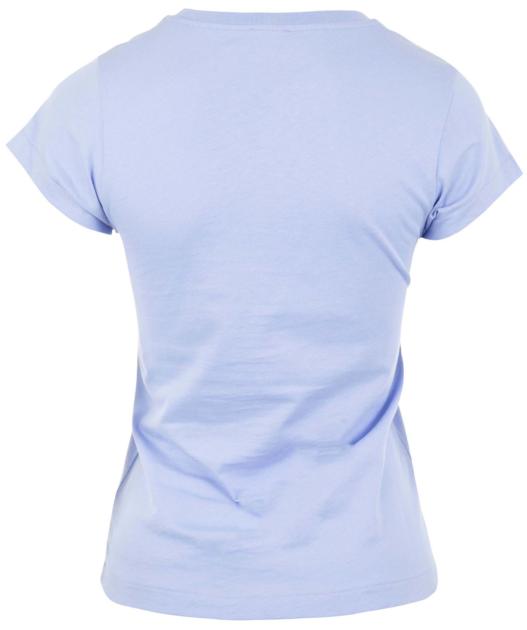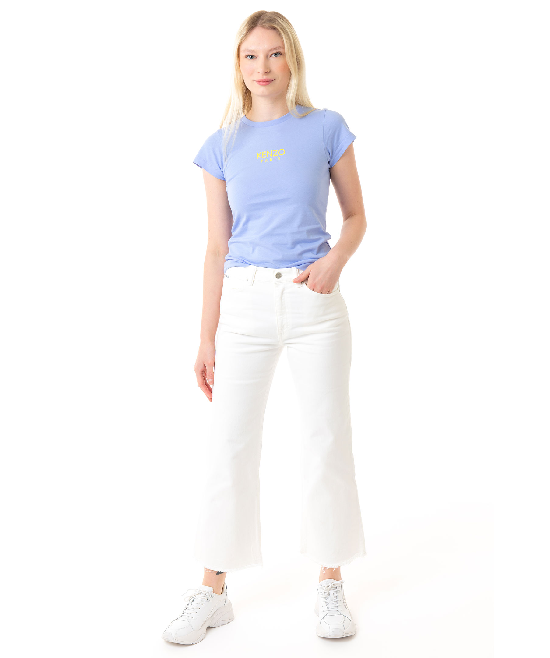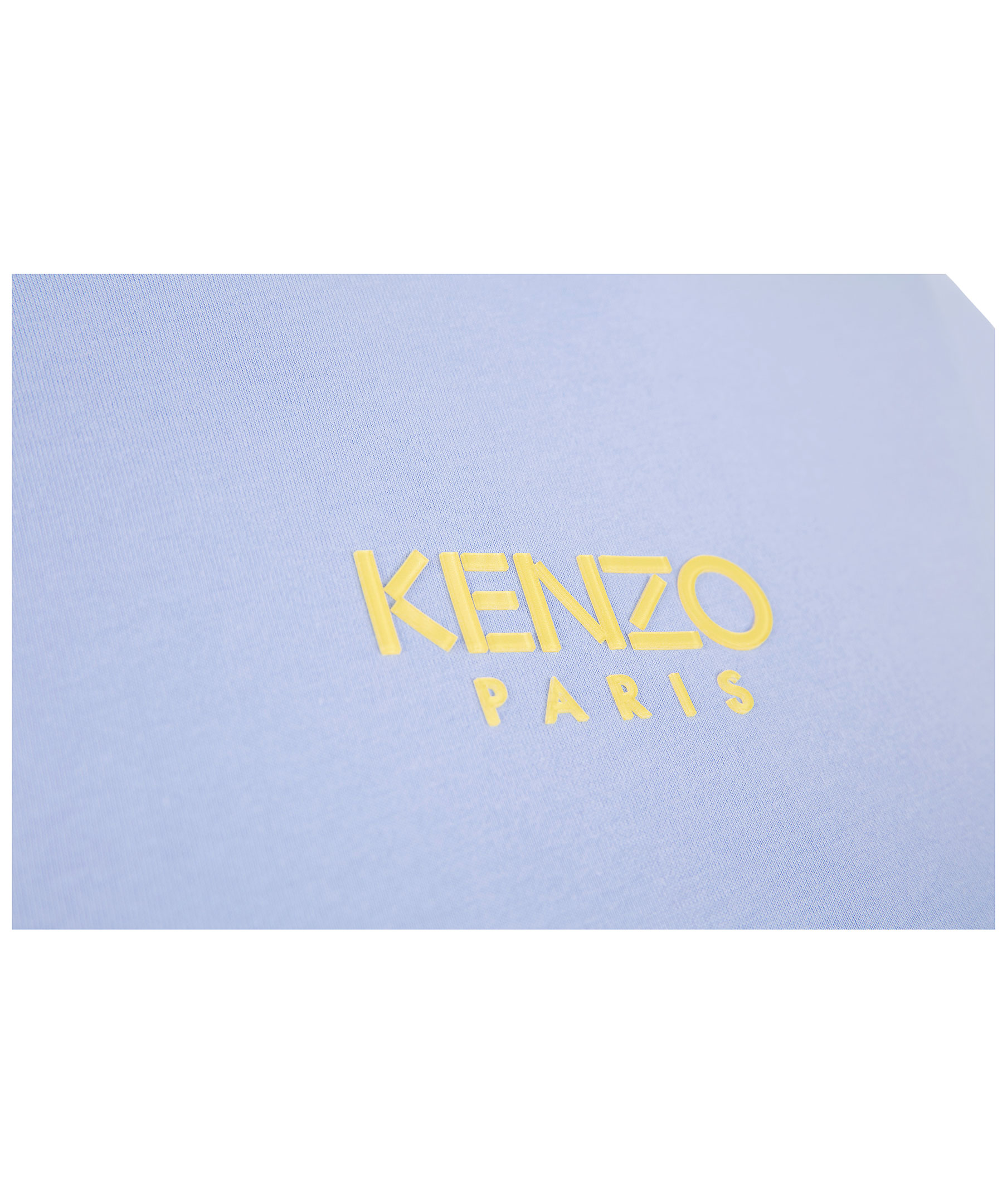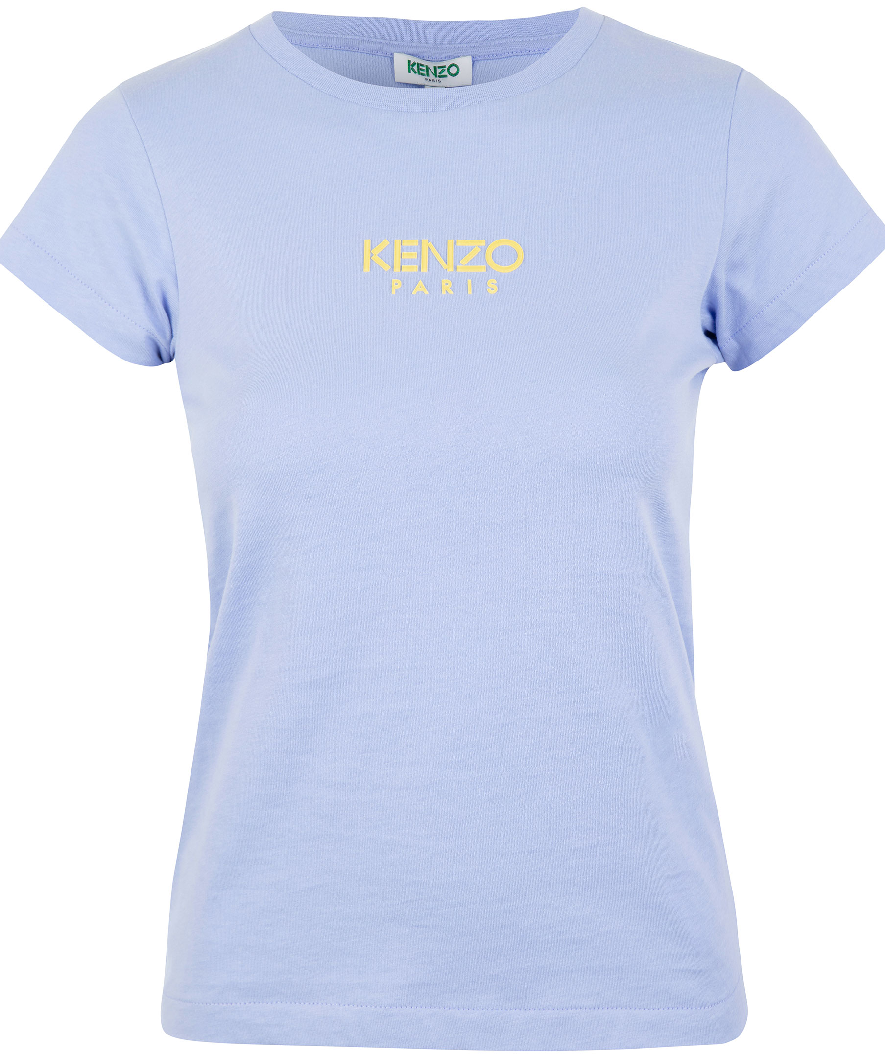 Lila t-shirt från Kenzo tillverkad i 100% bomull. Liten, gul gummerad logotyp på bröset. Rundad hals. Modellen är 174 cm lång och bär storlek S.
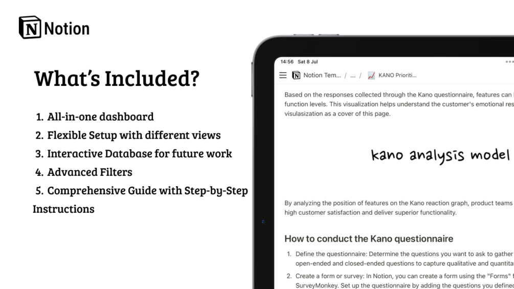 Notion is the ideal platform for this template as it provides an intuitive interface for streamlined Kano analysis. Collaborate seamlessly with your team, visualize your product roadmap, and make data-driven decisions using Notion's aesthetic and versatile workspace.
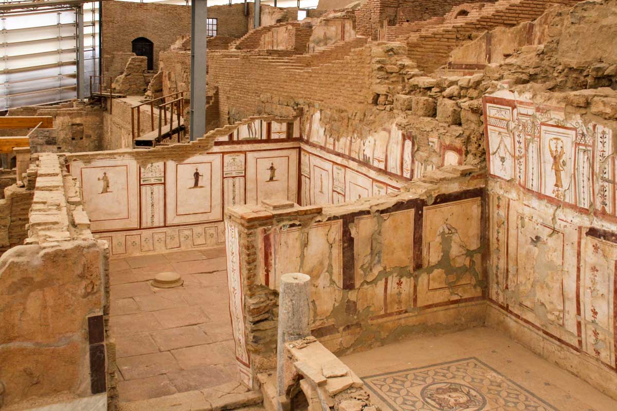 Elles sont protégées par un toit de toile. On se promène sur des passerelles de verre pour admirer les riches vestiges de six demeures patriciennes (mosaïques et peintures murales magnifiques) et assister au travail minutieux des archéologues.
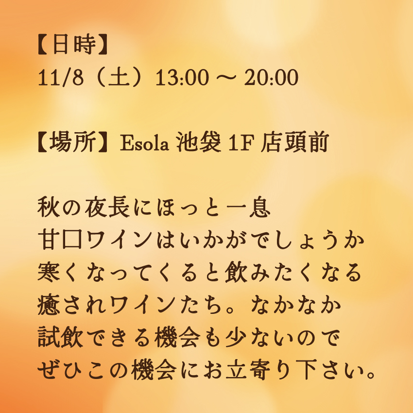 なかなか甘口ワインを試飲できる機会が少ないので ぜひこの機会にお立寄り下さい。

What you are asked to do
The answer should consist of every line above, exact and free of images.

Written reply
 Lila t-shirt från Kenzo tillverkad i 100% bomull. Liten, gul gummerad logotyp på bröset. Rundad hals. Modellen är 174 cm lång och bär storlek S.
 Notion is the ideal platform for this template as it provides an intuitive interface for streamlined Kano analysis. Collaborate seamlessly with your team, visualize your product roadmap, and make data-driven decisions using Notion's aesthetic and versatile workspace.
 Elles sont protégées par un toit de toile. On se promène sur des passerelles de verre pour admirer les riches vestiges de six demeures patriciennes (mosaïques et peintures murales magnifiques) et assister au travail minutieux des archéologues.
 なかなか甘口ワインを試飲できる機会が少ないので ぜひこの機会にお立寄り下さい。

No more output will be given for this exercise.